In a recent case involving Next Brand Ltd, the First-Tier Tribunal ruled in favor of HM Revenue & Customs (HMRC), finding that double tax relief was not available for dividends that in effect represented loan repayments.
Background
Prior to the introduction of the dividend exemption, when a UK parent company received foreign source dividends, it was possible to benefit from a credit for any foreign tax that the subsidiary had already paid—i.e., tax paid by a subsidiary was treated as tax paid by the parent. This arrangement was intended to prevent double taxation.
“Rate-booster” strategies were designed to use this principle to limit or completely avoid corporation tax in the United Kingdom on dividends by boosting the underlying double tax relief.
Next Brand’s Strategy
Next Brand’s strategy involved a complicated arrangement of loans, dividends, preference share issuances and share transfers. In broad summary, Next Brand’s Hong Kong subsidiary, Next Sourcing Ltd (NSL), subscribed for irredeemable preference shares in Next Near East Ltd (NNEL), one of Next Brand’s UK subsidiaries. After the board had satisfied itself that NNEL had sufficient distributable profits at the time, NNEL paid a dividend to NSL on the preference shares. Subsequently, NSL paid a dividend to the parent company, Next Brand.
Next Brand claimed double taxation relief equivalent to an amount that would eliminate all, or almost all, of the UK tax otherwise payable on the dividend. In calculating this relief, Next Brand took into account UK corporation tax that was payable by NNEL.
The underlying issues of the case were whether the NNEL dividends were “dividends” for the purposes of the relevant relief provisions, and whether any tax paid by NNEL could be taken into account in Next Brand’s claim for double taxation relief.
HMRC’s Position
HMRC rejected Next Brand’s claim for double taxation relief, arguing that the group’s arrangements constituted a series of artificial steps by which Next Brand sought to inflate the value of the relief to which it was properly entitled.

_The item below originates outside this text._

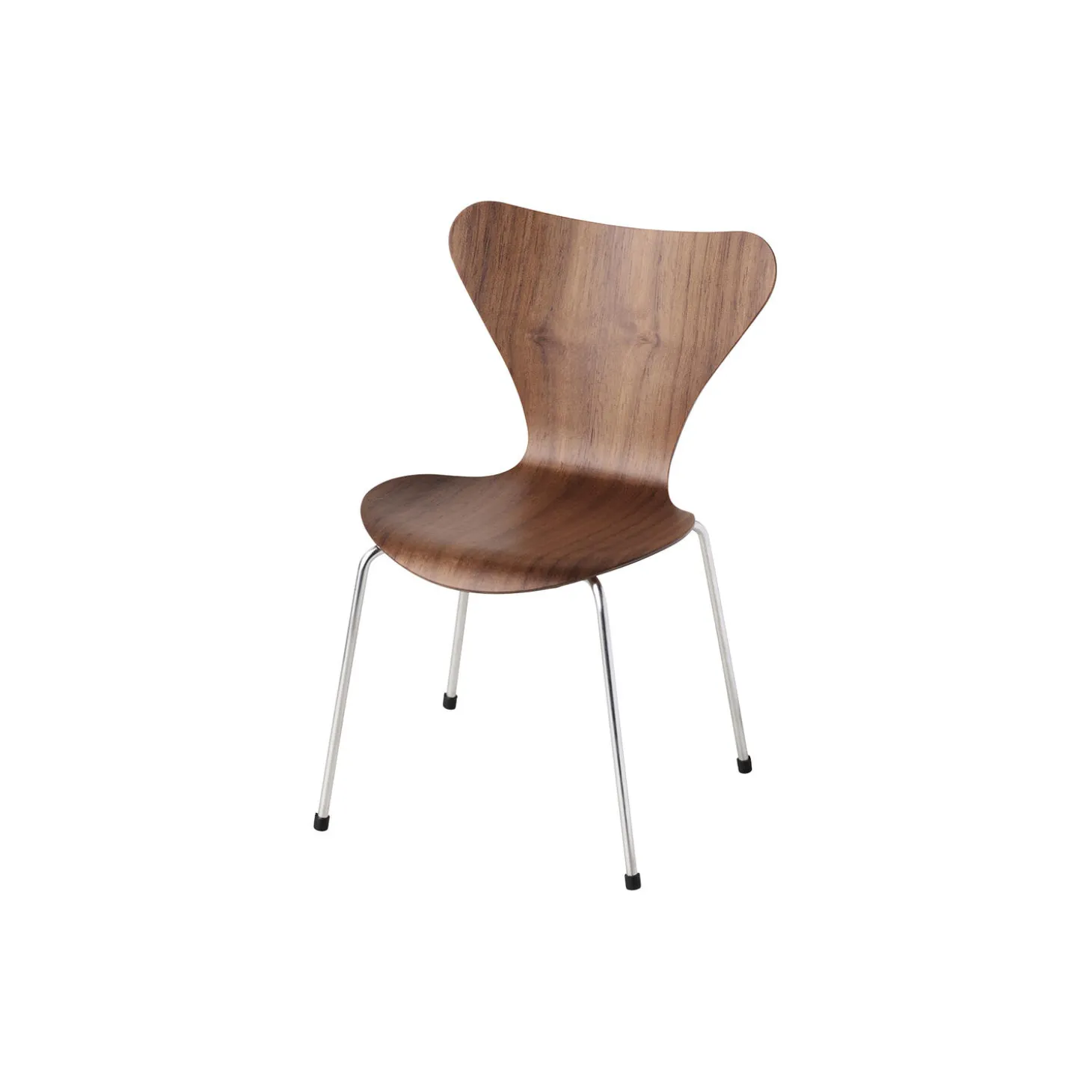 Miniature Serie 7™ stol i finér med stel i forkromet stål fra Fritz Hansen. Farve: valnød. Mål: 13×8,5 cm. Design: Arne Jacobsen.

In particular, HMRC found that, despite the fact that the NNEL dividends had the legal form of dividends, they were in substance repayments of a loan. HMRC therefore reasoned that the dividends were not derived from taxed profits, but rather constituted cash circulated within the group.
The First-Tier Tribunal’s Ruling
Rejecting Next Brand’s appeal against HMRC’s decision, the First-Tier Tribunal stated that it was not enough for the paying company to declare a dividend; instead, it must be shown that the dividend is derived from profits. In the tribunal’s view, the key point was not whether the payment took the form of a dividend, or whether it had the character of income or capital, but whether the payment was of profits that had borne tax.
The tribunal agreed with HMRC’s reasoning that NNEL’s dividends were in fact loan repayments. The tribunal pointed out that the subsidiaries had themselves accounted for the issue of the preference shares as debt, and for the dividend as the repayment of debt.
Comment
Several rate-booster strategies are due to be heard in the UK courts in due course. Those taxpayers with facts similar to Next Brand might consider settling on the basis of the tribunal’s decision in this case, although it is likely that Next Brand will appeal in view of the amounts at stake (about £22 million).
This case indicates that rate-booster strategies are unlikely to work from a technical perspective, especially in light of the courts’ general hostility towards tax avoidance strategies in the current climate.